Вот эти губы, полные и, как всегда, словно по-детски чуть припухлые и приоткрытые, маленький нос, так аккуратно, мягко округленный на конце, – все то же, будто и не тронуто ничем; и та же шея – она всегда ему казалась чересчур открытой, и раньше, по утрам, он, еще полусонный, любил об этом думать на уроках, все представляя, как легко и чисто сходит, спускается к Нелиной шее прохладно-матовая плавность подбородка, щек. Все это он тогда, стыдясь, звал про себя одним непроизносимым словом «нежность», и каждый раз, когда оно встречалось в книге, все это, Нелино, будто касалось его лица.

– Шел тут домой… – опять сказал он и умолк: Неля вставала с табурета, и вид у нее был почти спокойный и усталый.

– Смотри, не стукнись там опять, – сказала Неля. Голос ее звучал чуть хрипловато, непривычно низко, и у него от этого что-то с тоской сжалось внутри. Она теперь стояла рядом: чужая, новая, кажется, выше ростом. И грудь высокая, большая, как-то по-иному уложены волосы, и еще много в ней всего другого, чего он раньше и не замечал.

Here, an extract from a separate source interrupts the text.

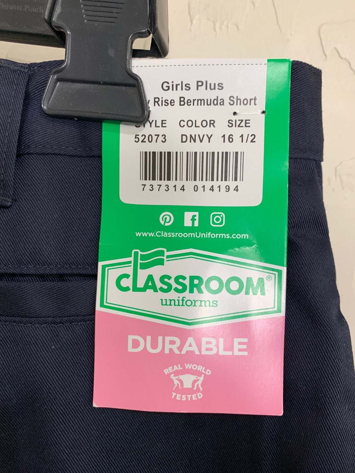 Classroom Big Girls Kids Bermuda Short Navy 16.5 Uniform Elastic Waist NWT 5887

Он понял, как-то догадался, что она выйдет вслед за ним, и боком двинулся к дверям. И Неля, обтянув на себе блузку, уже шагнула мимо Степаниды, но та, мотнув с бессмысленным упрямством головой, вдруг потянулась к ней рукой и, промахнувшись, покачнулась, стала падать.

– Стой! Ты к-куда?! – успела она выкрикнуть, схватившись за свисавшее из-под настольного стекла сукно и разом сваливая на пол стекло и все, что на нем было. Раздался грохот, звон, и длинная девица взвизгнула в своем углу. А на полу в блестевшем крошеве стекла уже лежали тонкие хрупкие весы с цепочками, остов разбитого футляра, чернильный мраморный прибор и что-то там еще, – не разобрать. Мотнулся в сторону язык свечи на полке, извернулся и снова длинно вытянулся вверх.

– Ну?! Ну-у?! – рычала Степанида, угрожая. – Ну, што теперь вы, а?.. – Она сползала вниз, еще цепляясь за край стола, все падала и словно не могла упасть совсем, как будто не решаясь.

– Быстрее выходи, – шепнула Неля совсем близко, дохнув на него запахом вина.

– Нэлка, давай! Нам не хватало еще бобиков, – сварливо повторяла сзади длинная девица, и он успел заметить, как она, быстро нагнувшись, словно бы нырнув, что-то подняла с пола.

– Ну, вот, Юра, и встретились. Как, нравится? – шутила Неля с горьким вызовом. Они стояли уже возле арки.

– Нэлка, идешь? – занудливо тянула длинная откуда-то из темноты.

– Ты… теперь где живешь? – спросил он Нелю, стараясь кончить все каким-нибудь незначащим коротким разговором, будучи уверен, что это нужно прежде всего ей.

– Я? – Неля оглянулась, поправляя волосы. – А, далеко, возле Кальварии. Вот Степанида там жила, мы же тогда с ней обменялись…

– Да-да, – кивнул он, удивившись про себя, что вовсе и не помнил уже этого. – Я вот шел, смотрю – тут свет и разговаривают…

– Да ладно, Юра…

– Кончили сегодня сессию.

– Что?

– Ну, экзамены добили. И отметили. Сильно, по-моему.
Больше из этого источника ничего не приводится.